At New Year’s Eve last night, we were asked to set our intention for this year – or something to that effect.
Once I got over the internal smart-ass voice in my head, I set an intention of being kinder to myself – something we all probably could all relate to in one way or another – not beating ourselves up for every tiny little thing.
I wasn’t exactly sure how to do that or what it actually meant and then the universe stepped in today as I was trying to do a “simple” project of replacing a cartridge for a shower faucet. Let’s just say, I “successfully” replaced the cartridge and also, “successfully” caused some sort of leak, which I am still trying to rectify.
My initial thought was, of course, “man, you really can’t fix anything. You are the most unhandy person on the planet” but then in order to be kinder to myself, I challenged myself by asking if I really knew every single person on the planet. It turns out I don’t.
Upon a little more introspection, I dug further into where that even comes from in my brain and it comes from the same place where a lot of my insecurities emanate from – Comparisonville, just west of Storyland next to Anxiety Falls.

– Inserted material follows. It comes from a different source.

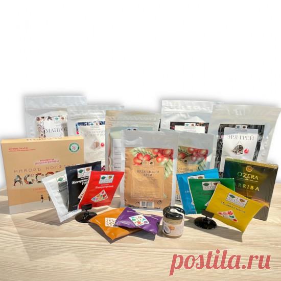 (Чай в пирамидках: 100 гр. Чай белый байховый крупнолистовой с ароматом бергамота; Чай чёрный рассыпной листовой с ароматом малины; Кофе натуральный жареный молотый в зернах; Кисель ягодный; Конфеты в шоколаде; Цукаты ананаса из сахарного сиропа в сахаре (в коробке 60 шт.);

I compare myself constantly – even when I don’t realize it. I’m at the treadmill at the gym and only see the fit guys that I’ll never look like. It doesn’t matter that I’m old enough to be their dad.
I hear an awesome singer/songwriter and I know I will never get my voice good enough to record my music.
I go on Facebook and every comedian has a gig expect for me. (By the way, for those thinking of taking a trip to Comparisonville, Facebook is like Fastpass for Comparisonville – go directly to “I suck” and bypass everything else.)
So, my real intention for 2019 is to just be. It’s probably way harder than getting 6 pack abs, a recording contract or a killer gig but I know it’s worth it. I also feel that by the time I progress with this intention, I could actually get the shower fixed.